* [What the exercise asks] Please print nothing but the lines from the one containing "La editorial Iberoamericana" to the final line below, exactly, and no pictures.

* [Collected material]
---

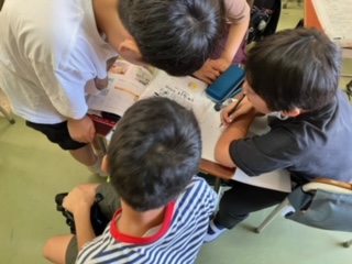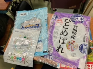 社会で、お米の産地の学習。家から持ち寄ったお米の袋から、いろんな事を発見していました。
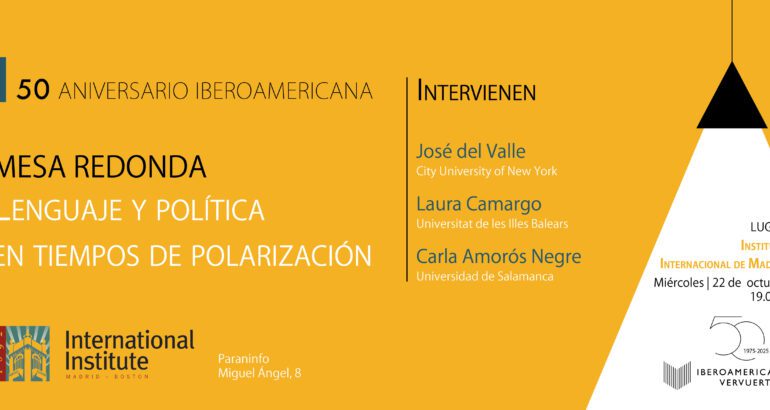 La editorial Iberoamericana y el Instituto Internacional le invita a la mesa redonda que con el titulo “Lenguaje y política en tiempos de polarización” se celebará el 22 de octubre con motivo del 5o aniversario de Iberoamericana.
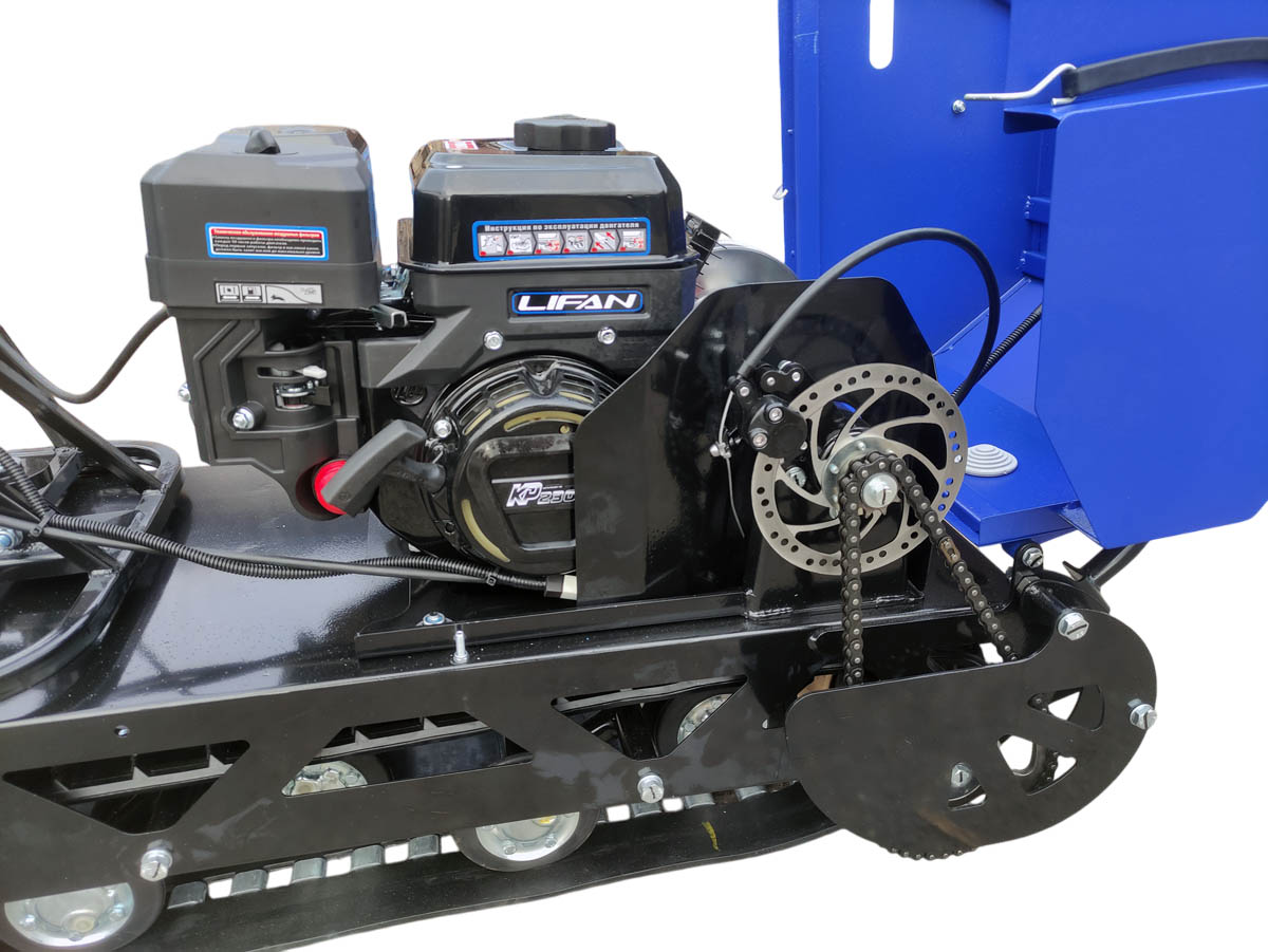 Из импортных комплектующих применяются проверенные за много лет и наиболее распространенные в России двигатели LIFAN. Для двигателей LIFAN легко найти запчасти на рынке, в большинстве случаев запчасти не взаимозаменяемые с другими китайскими двигателями. Есть модификации с двигателями ZONGSHEN и MAGNUM, которые не уступают по качеству LIFAN, но чуть более доступны по цене. В основном же применяются российские комплектующие - вариатор и детали трансмиссии - г. Рыбинск, гусеница - г. Курск, рама и прочие корпусные детали, коробка реверса, лыжи - ИжТехМаш, г. Ижевск. В трансмиссии используются более дорогие приводные цепи - производства Даугавпилс (https://ru.wikipedia.org/wiki/DITTON), завод производит цепи с 1949 года и они превосходят по качеству китайские и российские аналоги. В целом, в конструкции использованы широко доступные на рынке комплектующие, поэтому найти при необходимости нужную запчасть не составит особого труда. В частности, любые запчасти вы можете приобрести в нашем магазине.

---

* [Result of this task]
 La editorial Iberoamericana y el Instituto Internacional le invita a la mesa redonda que con el titulo “Lenguaje y política en tiempos de polarización” se celebará el 22 de octubre con motivo del 5o aniversario de Iberoamericana.
 Из импортных комплектующих применяются проверенные за много лет и наиболее распространенные в России двигатели LIFAN. Для двигателей LIFAN легко найти запчасти на рынке, в большинстве случаев запчасти не взаимозаменяемые с другими китайскими двигателями. Есть модификации с двигателями ZONGSHEN и MAGNUM, которые не уступают по качеству LIFAN, но чуть более доступны по цене. В основном же применяются российские комплектующие - вариатор и детали трансмиссии - г. Рыбинск, гусеница - г. Курск, рама и прочие корпусные детали, коробка реверса, лыжи - ИжТехМаш, г. Ижевск. В трансмиссии используются более дорогие приводные цепи - производства Даугавпилс (https://ru.wikipedia.org/wiki/DITTON), завод производит цепи с 1949 года и они превосходят по качеству китайские и российские аналоги. В целом, в конструкции использованы широко доступные на рынке комплектующие, поэтому найти при необходимости нужную запчасть не составит особого труда. В частности, любые запчасти вы можете приобрести в нашем магазине.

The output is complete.